Carnet

Georges GUINGOUIN

Georges GUINGOUIN 2 février 1913 - 27 octobre 2005
01/10/2015

Le militant du Parti communiste français et compagnon de la Libération, Georges GUINGOUIN est mort à 92 ans, le  27 octobre 2005 à Troyes. Il a été inhumé, suivant son souhait, à Saint-Gilles-les-Forêts. Né le 2 février 1913, à Magnac-Laval dans la Haute-Vienne, il joua un rôle de premier plan dans la Résistance française à la tête des maquis de la montagne limousine. Il fut surnommé « Lou Grand » et le « Préfet du Maquis ». est d'abord élève à l'école primaire supérieure de Bellac (Haute-Vienne), puis il est admis à l'École normale d'instituteurs de Limoges. Après son service militaire, il est nommé, en octobre 1935, instituteur à Saint-Gilles-les-Forêts (Haute-Vienne).

 

  • Libération annonce son décès en publiant l’article « Mort de Georges GUINGOUIN, le « préfet du maquis » ». Il y est annoncé que « Un «préfet» est mort. Un homme atypique, communiste, et qui n'a jamais été préfet. Mais, ce titre, il l'avait hérité de sa popularité de libérateur de Limoges. Georges GUINGOUIN, le «préfet du maquis», aussi surnommé «Lou Grand», en raison de sa grande taille, ou encore le «Tito limousin», est décédé jeudi à l'âge de 92 ans, à Troyes (Aube) où il s'était retiré après son exclusion du PCF en 1952. Résistant de la première heure, GUINGOUIN n'est pas un tendre. Il est maître sur ses terres : il réglemente le ravitaillement de ses troupes, taxe les denrées... Franc-tireur, il s'oppose aussi à la direction clandestine du PCF, refusant par exemple d'occuper Limoges en juin 1944, «une consigne suicidaire». Ce n'est pas là son premier désaccord.

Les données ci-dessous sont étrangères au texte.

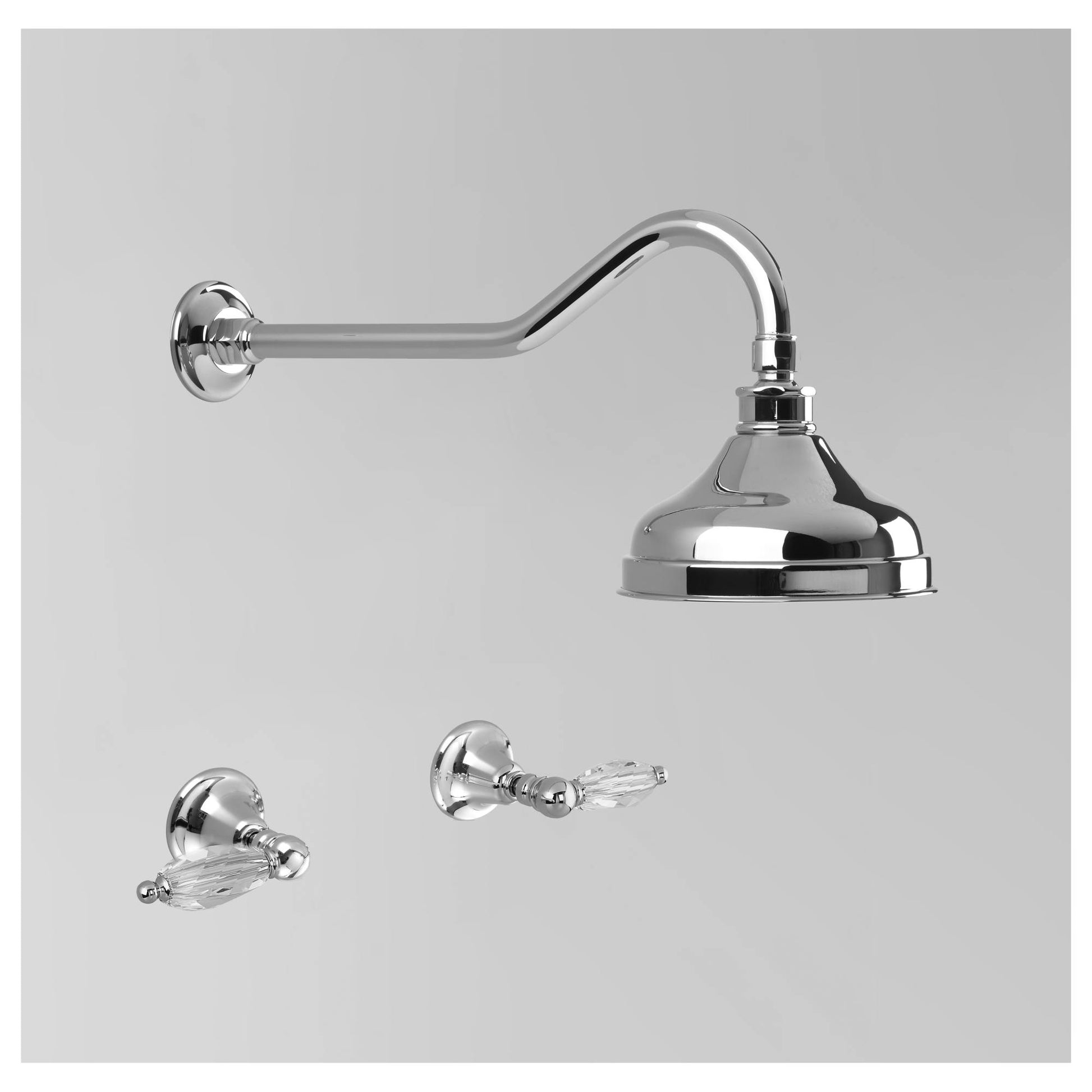 Olde English Shower Set 150mm Rose, Chrome & Crystal Lever

Dès 1943, l'homme de la guérilla rurale dans le Limousin est l'objet d'un ordre d'assassinat lancé par son propre parti ».
  • Pour sa part, Le Monde annonce son décès via l’article « Georges GUINGOUIN, libérateur de Limoges, est mort ». Il y est rapporté que « Georges GUINGOUIN, compagnon de la Libération décédé jeudi 27 octobre à Troyes dans sa 92e année, est le fondateur du premier maquis de France, celui du Limousin, avec lequel il avait libéré en 1944 sans effusions de sang Limoges, reconnue par le général Charles de Gaulle comme « capitale française de la Résistance » ». Par ailleurs, l’article souligne que « Résistance aura été la devise de « Lou Grand », surnom que lui valait sa haute stature surmontée d'un béret, qui ornera sa tête jusqu'à ses derniers jours. Il a organisé en une armée efficace une troupe disparate d'ouvriers, d'agriculteurs et d'intellectuels, dont les Allemands ne viendront jamais à bout, malgré les troupes surarmées qu'ils enverront contre elle. Animé par un idéal marxiste-léniniste, Georges GUINGOUIN s'est également opposé aux diktats des dirigeants de l'époque du Parti communiste français, notamment quand ces derniers l'ont pressé, en juin 1944, de prendre Limoges par la force pour des raisons de stratégie politique ».